I am trying to do web scraping to automate information collection instead of doing it manually.
For a given stock, a function (get_info) will return in a dictionary some information.
Example of output dictionnary
For company A
dict_A = {'enterpriseRevenue': 1.264,
'profitMargins': -0.00124,
'enterpriseToEbitda': 28.328,
'sharesOutstanding': 3907579904,
'bookValue': 8.326}
For company B
dict_B = {'enterpriseRevenue': 2.789,
'profitMargins': 2.34,
'enterpriseToEbitda': 28.328,
'sharesOutstanding': 2874818942,
'bookValue': 4.189}
From a list of stocks, I would like to create a data frame with all items of dictionary return by the get_info function. Desired algorithm in "natural language"

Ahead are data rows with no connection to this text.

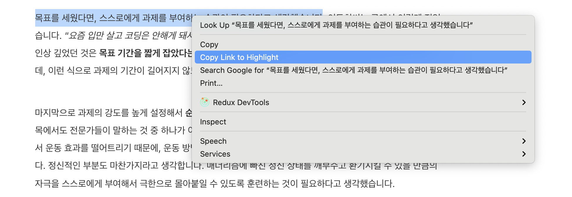 - 크롬 브라우저의 하이라이트 링크 복사하기는 Text Fragment를 통해 구현된 기능입니다.
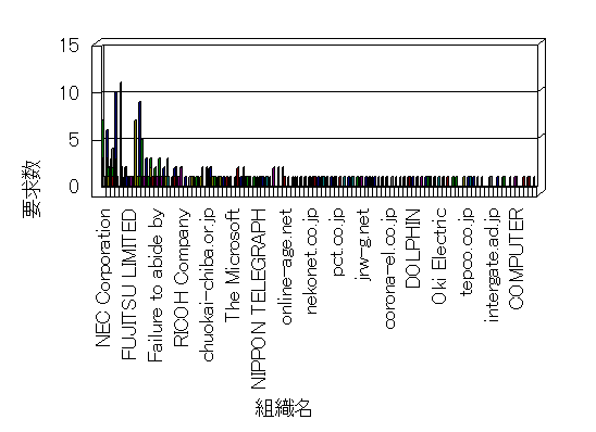 組織ユーザーにインターネット接続を提供する、商用または非営利団体、学術・行政機関などの、インターネット ドメイン で識別される団体や組織です。Microsoft Site Server Analysis は同じ組織に登録されたすべてのドメインを 1 つの組織としてグループ化します。ドメインがデータベースで使用できない場合は、1 つのインターネット ドメインが 1 つの組織を識別するのに使用されます。
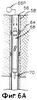 Чтобы гарантировать, что последовательность установки пакера начата в правильное время, должны быть учтены дополнительные факторы, как было объяснено ранее. Эти факторы могут включать в себя скорость (V) устройства 68А установки пакера и устройства 70А считывания, время, необходимое для накачки накачиваемого пакерного элемента устройства 68А установки пакера. Альтернативно устройство 68А установки пакера может быть остановлено в конкретном соединении (например, соединении С5А) и затем накачано, как требуется. В этом случае устройство 70А считывания может быть запрограммировано передавать сигналы управления на дисплей 124 (фиг.4В) на поверхности 60А, когда устройство 68А установки пакера проходит соединение 64А на требуемой глубине. Оператор может управлять устройством 98А накачки, чтобы начать накачку устройства 98А установки пакера. Альтернативно последовательность накачки может начинаться автоматически схемой 120 управления инструментом (фиг.4А).
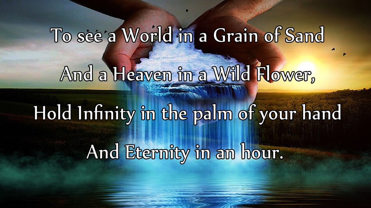 To see a world in a grain of sand And a heaven in a wild flower, Hold infinity in the palm of your hand, and eternity in an hour Yeah, that would be nice.
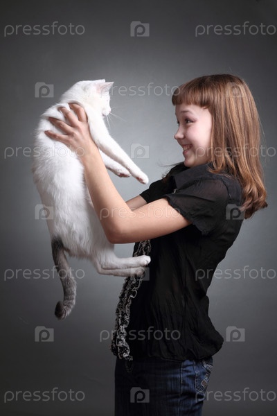 Девочка с белым котом
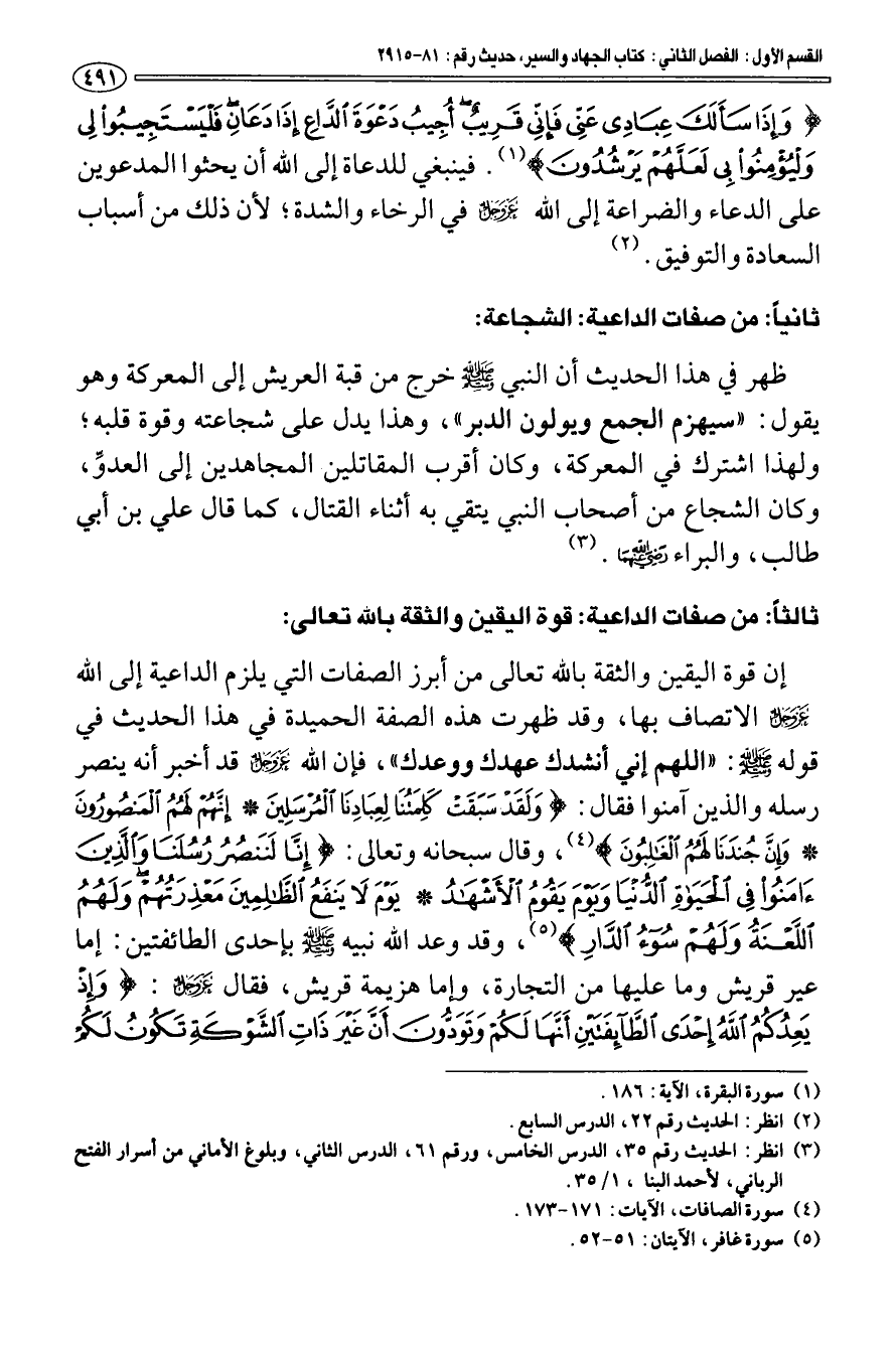 ثانيا: من صفات الداعية: الشجاعة: ظهر في هذا الحديث أن النبي - صلى الله عليه وسلم - خرج من قبة العريش إلى المعركة وهو يقول: {سَيُهْزَمُ الْجَمْعُ وَيُوَلُّونَ الدُّبُرَ} [القمر: 45] وهذا يدل على شجاعته وقوة قلبه؛ ولهذا اشترك في المعركة، وكان أقرب المقاتلين المجاهدين إلى العدو, وكان الشجاع من أصحاب النبي يتقي به أثناء القتال، كما قال على بن أبي طالب، والبراء رضي الله عنهما (¬3).
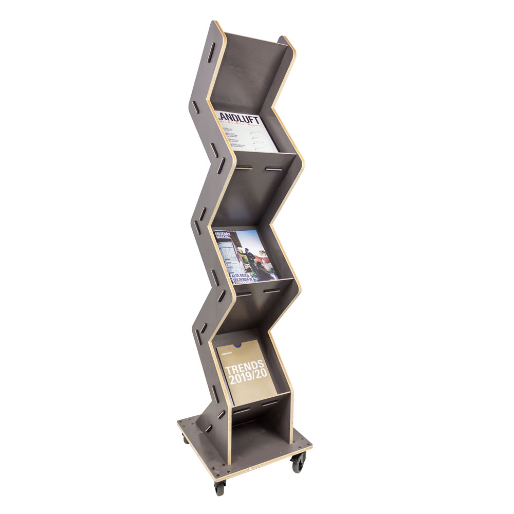 Dieser Prospektständer bringt Deine Botschaften auf Augenhöhe – genau dorthin, wo sie Aufmerksamkeit bekommen. Freistehend und dank Rollen flexibel positionierbar, ist er ein zuverlässiger Begleiter für Deinen Messeauftritt. Die markante Zickzack-Form bietet auf jeder Seite drei Fächer für Prospekte, Magazine oder Flyer und sorgt für eine übersichtliche, aufmerksamkeitsstarke Präsentation. Gefertigt aus robuster Fichte-3-Schichtplatte überzeugt er durch Stabilität und Wertigkeit. Dank originalem WERKHAUS-Stecksystem ist er im Handumdrehen auf- und abgebaut und lässt sich platzsparend verstauen. Unsere Messemöbel sind keine Lagerware, sondern werden auftragsbezogen gefertigt, da wir sie individuell an die Anforderungen unserer Kunden anpassen.
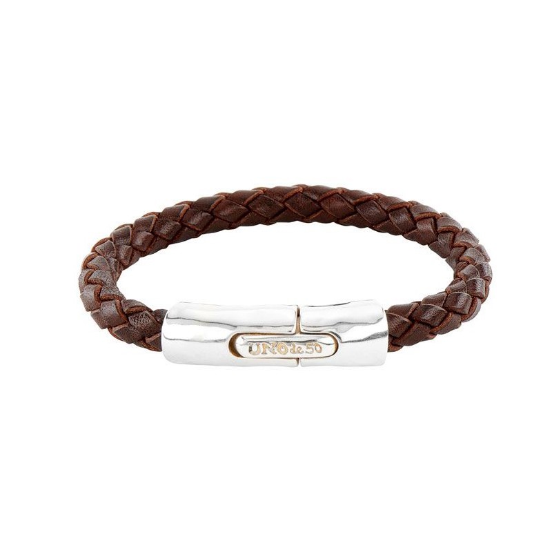 Bracciale unisex composto da un cordone intrecciato di cuoio marrone e chiusura a molla cilindrica di metallo bagnato nellargento. Laccessorio perfetto da indossare nel quotidiano e che non passa di moda. Un gioiello di UNOde50 che potrai condividere con la tua metvisto il suo design semplice. Disegnato da UNOde50 e prodotto in Spagna in maniera interamente artigianale.
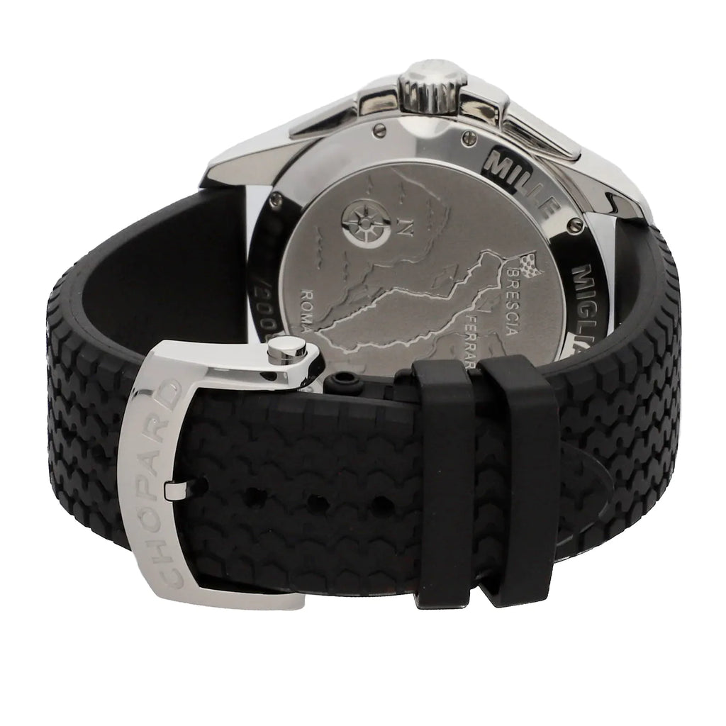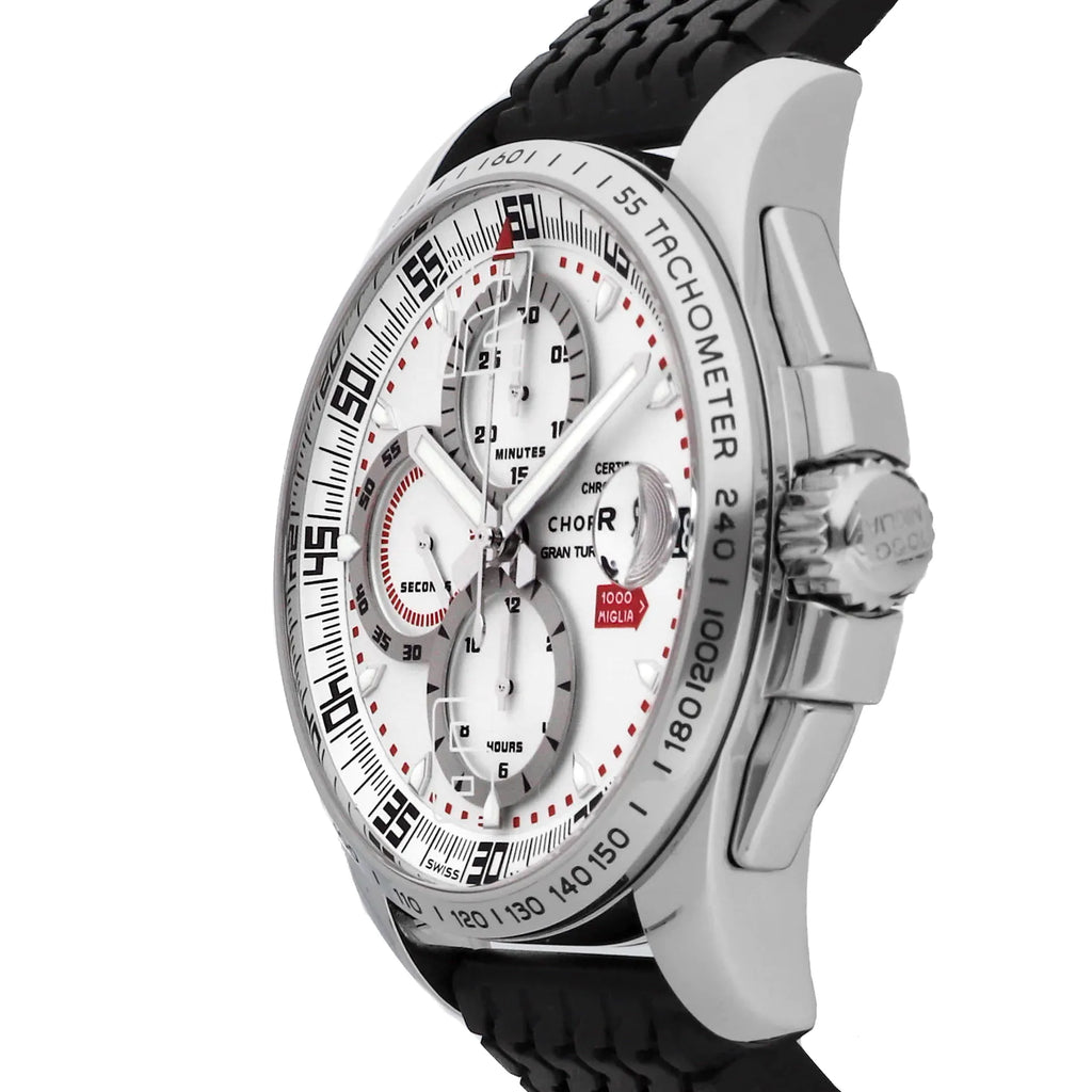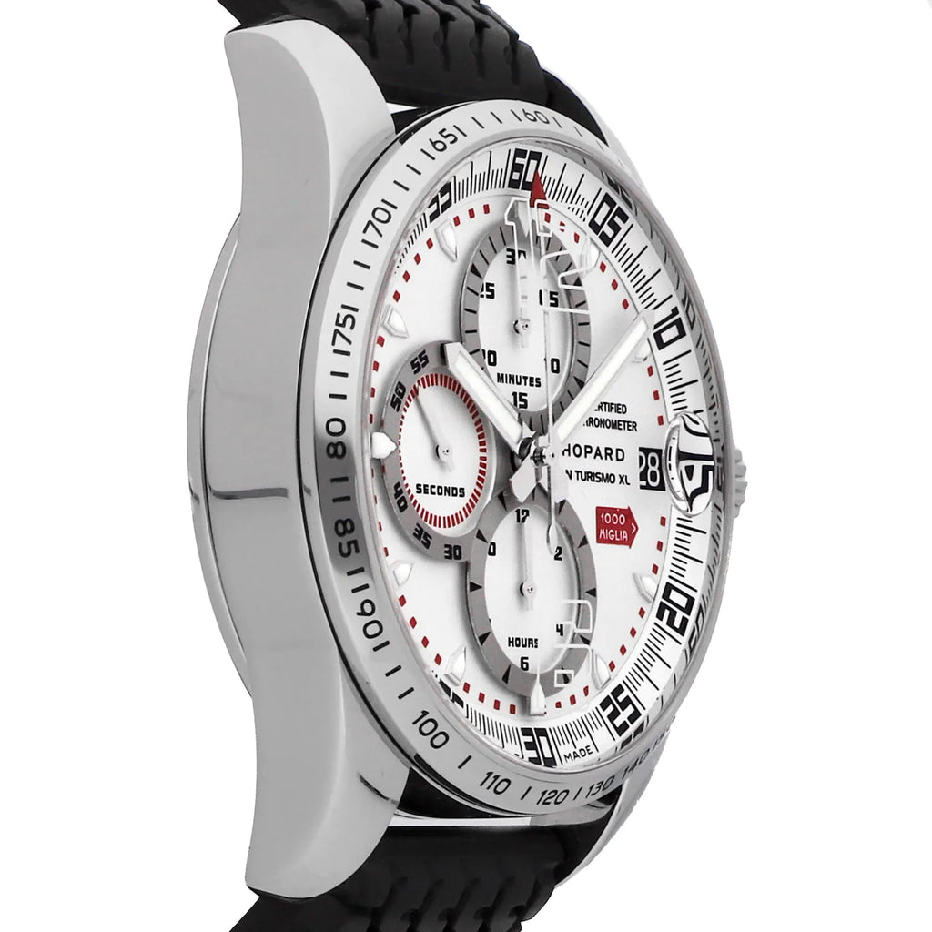 Pre-Owned Chopard Mille Miglia Gran Turismo XL Limited Edition (168489) self - winding automatic watch, features a 44mm stainless steel case surrounding a silver dial on a black rubber tire-tread strap with a stainless steel tang buckle. Functions include hours, minutes, small seconds, date, chronograph and tachymeter. This watch comes with the original box. This is a Limited Edition piece of 2008! We back this watch with a 2-Year Watchbox warranty!
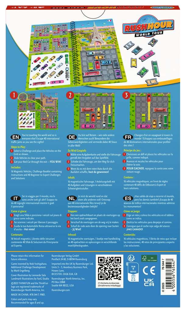 Mugav pakend kaasa haaramiseks, et mängida ja treenida mõistust kas lennukis, rongis või lihtsalt kohvikus sõpradega aega veetes. Magnetelemendid lisavad põnevust, muutes iga manöövri kaasahaaravaks. Rush Hour World Tour Magnetics Travel Puzzle paneb proovile probleemide lahendamise oskused ja hoiab meelt teravana, et vallutada linnade liiklusmõistatusi kogu maailmas. See mäng tagab lõbu ja meelelahutust pikaks ajaks. Nii et pakkige kotid, kinnitage turvavöö ja valmistuge Rush Hour World Touri maailmatuuriks.
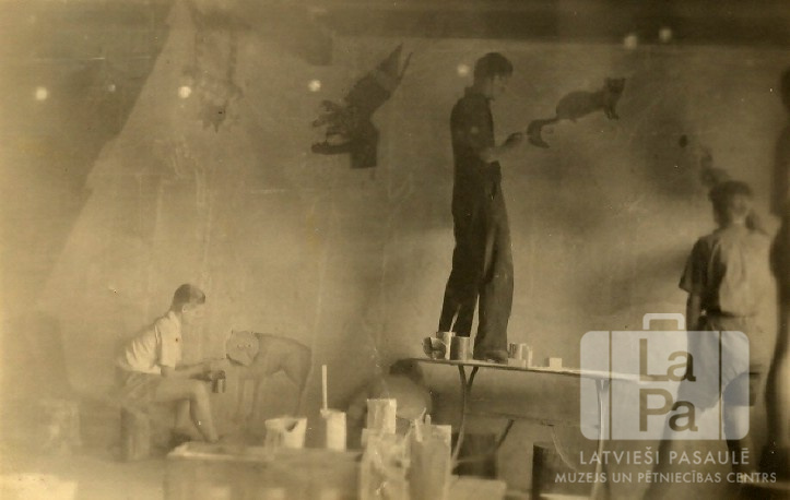 Trīs zēni krāso sienu Manheimas nometnē (amerikāņu zonā). Vidū zēns ir pakāpies uz šaura galda. Uz sienas ir redzami krāsoti dzīvnieki. Telpā ir vairākas papīra turzas un bundžas. No kreisās: otrais Genis Zelčs (uz galda), trešais "Ezis" (īstais vārds nezināms).
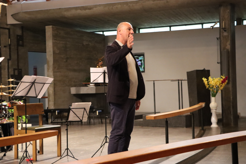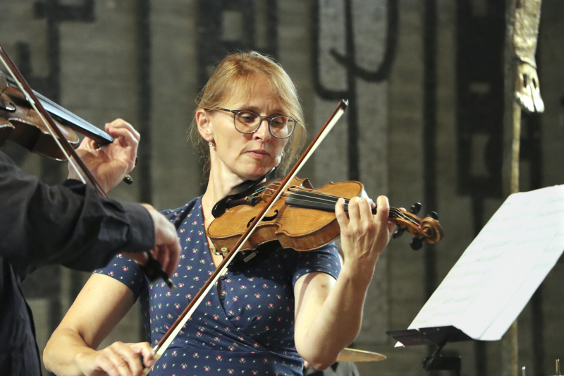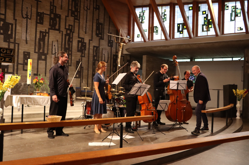 Instrumente und Notenständer sind im Chorraum bereit, in der Kirche ertönt noch das Raunen des plaudernden Publikums. Die Formation Klangcombi ist startklar für ihren Auftritt. Energiebündel Judith Müller, gespannt wie eine Saite, kanns kaum erwarten, loszulegen.
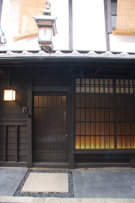 上七軒といえば、京都にある5つの花街のうち、最古の花街。夜になれば、通りをうすぼんやりした灯火が彩り、行き交う舞妓や芸妓のしとやかな姿を見ることができる町です。一つ路を折れた先に佇む格子窓も美しい外観は、静かな歴史を感じさせる町家です。
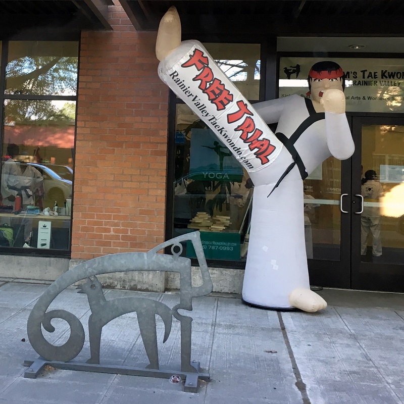 We drove by Kim’s Tae Kwon Do training studio on Rainier Avenue. Tae Kwon Do is a Korean martial art, with an emphasis on head-height kicks, jumping and spinning kicks. Check out the chameleon-and-doggie bike rack in the foreground. P.S. Good news from North Korea is that three detained Korean Americans have been released by North Korea just as Secretary of State Mike Pompeo arrived there to plan the summit of Kim Jong Un with President Trump.
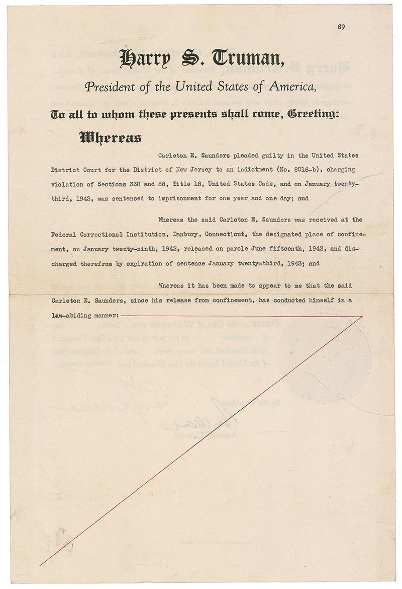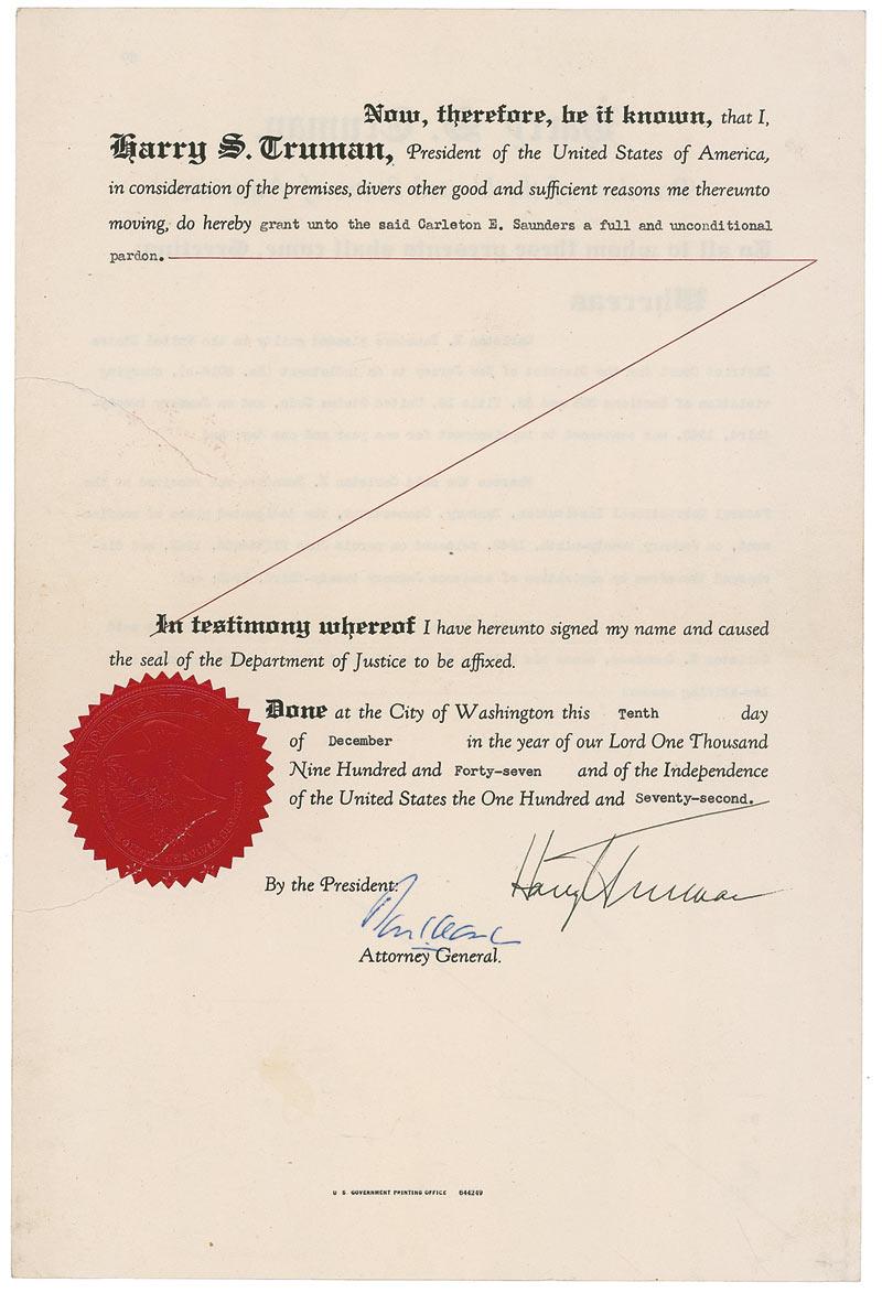 DS as president, one page both sides, 9 x 13.5, December 10, 1947. Presidential pardon given to Carleton E. Saunders who “pleaded guilty in the United States District Court…charging violation of Sections 338 and 88, Title 18…was sentenced to imprisonment for one year and one day…since his release from confinement, has conducted himself in a law-abiding manner. Now, therefore, be it known, that I, Harry S. Truman, President of the United States of America, in consideration of the premises, divers other good and sufficient reasons me thereunto moving, do hereby grant unto the said Carleton E. Saunders a full and unconditional pardon.” In very good condition, with intersecting folds, one through a single letter of signature, two tears to left edge, one through lower portion of seal, and some scattered light soiling. Section 338 Title 18 of the US Code concerns using the US mail to defraud. Actual pardons signed by presidents rarely appear on the market. Pre-certified John Reznikoff/PSA/DNA and RRAuction COA.

Create an empty data frame with 6 columns (first column for stock name, rest for dictionary items), called df
for s in list_of_stocks:
toto = get_info(s) # get the information for the stock, type(toto)=dict
add new line to df, which values correspond to toto
Example of desired output
Stock, enterpriseRevenue, profitMargins, enterpriseToEbitda, sharesOutstanding, bookValue
A, 1.264, -0.00124, 28.328, 3907579904, 8.326
B, 2.789, 2.34, 28.328, 2874818942, 4.189
Does anyone have any idea how to build this data frame?